Excluding all pictures, please output the listing exactly.

◆ **SOURCE MATERIAL**
= = = = = = =
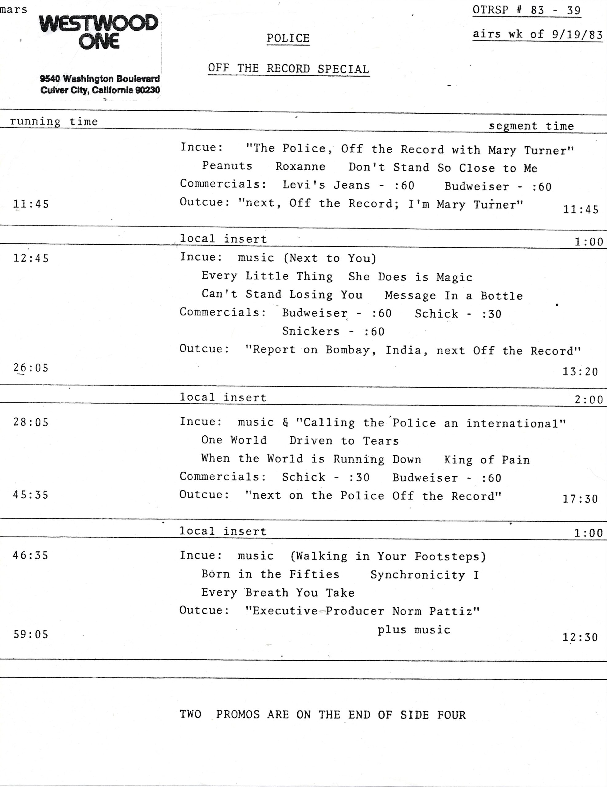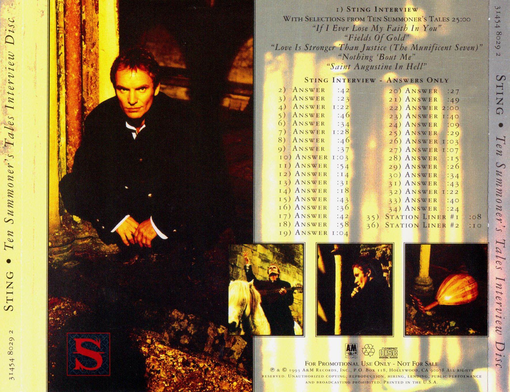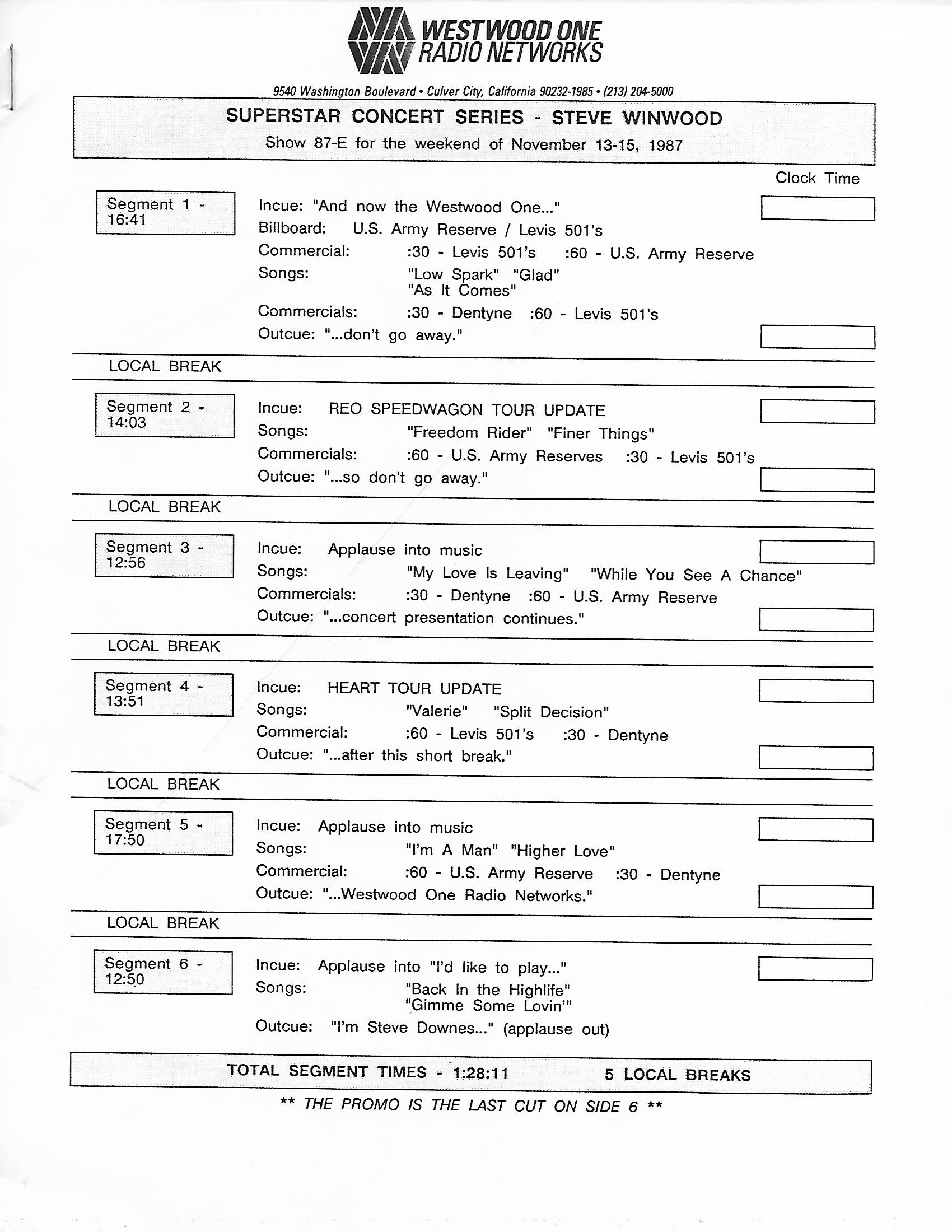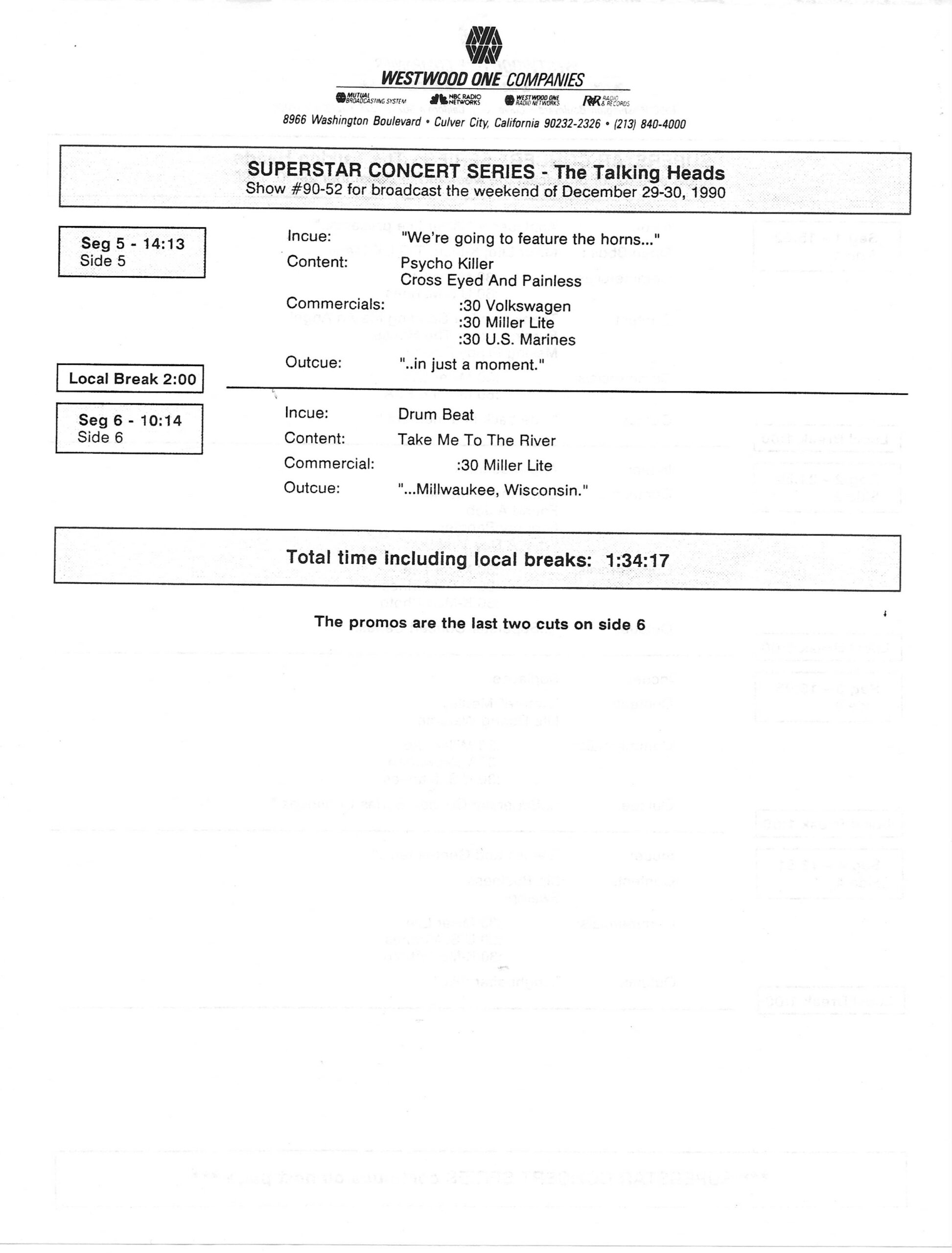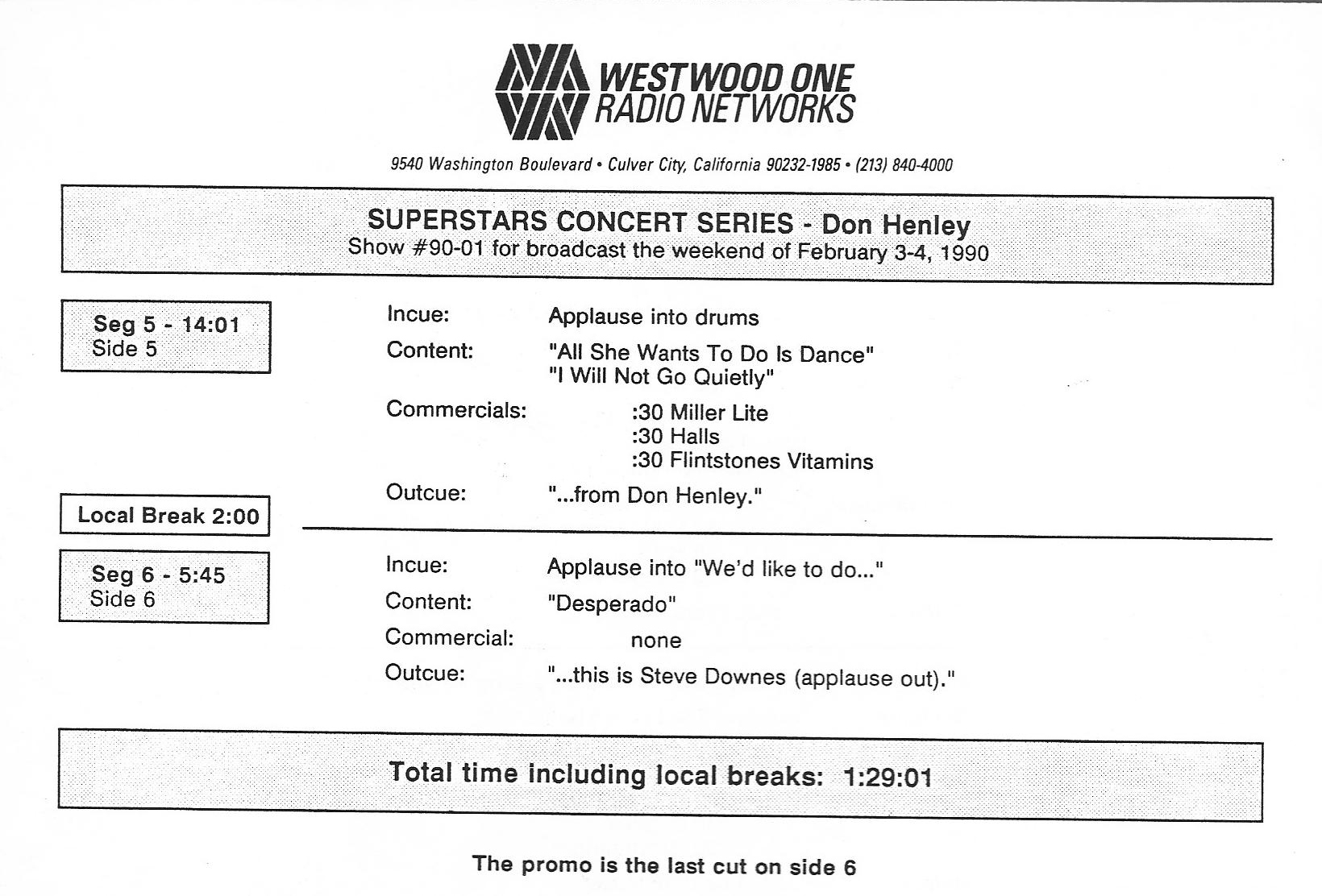 Tracks 1 – 4 are the actual radio show, Tracks 5 – 7 are promo spots, Tracks 8 – 17 are commercial spots, while Tracks 18 – 29 are the actual interview segments separated into individual tracks.
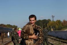 Это тот момент, когда объятия самые искренние, а поцелуи - самые пылкие. Они ждали долгих 4 месяца и когда наконец прибыли домой, сознались: не ожидали такого теплого приема и едва сдерживали слезы.
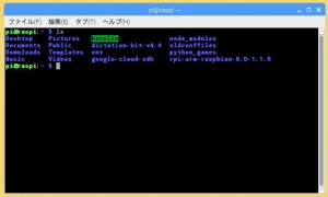 ・何やら文字がいっぱい表示されたと思います。lsはリストの略で、今いる場所にあるファイルのリストを表示するコマンドです。青色に表示されているのがディレクトリです。
= = = = = = =
◆ **REPLY TO THE EXERCISE**
 Tracks 1 – 4 are the actual radio show, Tracks 5 – 7 are promo spots, Tracks 8 – 17 are commercial spots, while Tracks 18 – 29 are the actual interview segments separated into individual tracks.
 Это тот момент, когда объятия самые искренние, а поцелуи - самые пылкие. Они ждали долгих 4 месяца и когда наконец прибыли домой, сознались: не ожидали такого теплого приема и едва сдерживали слезы.
 ・何やら文字がいっぱい表示されたと思います。lsはリストの略で、今いる場所にあるファイルのリストを表示するコマンドです。青色に表示されているのがディレクトリです。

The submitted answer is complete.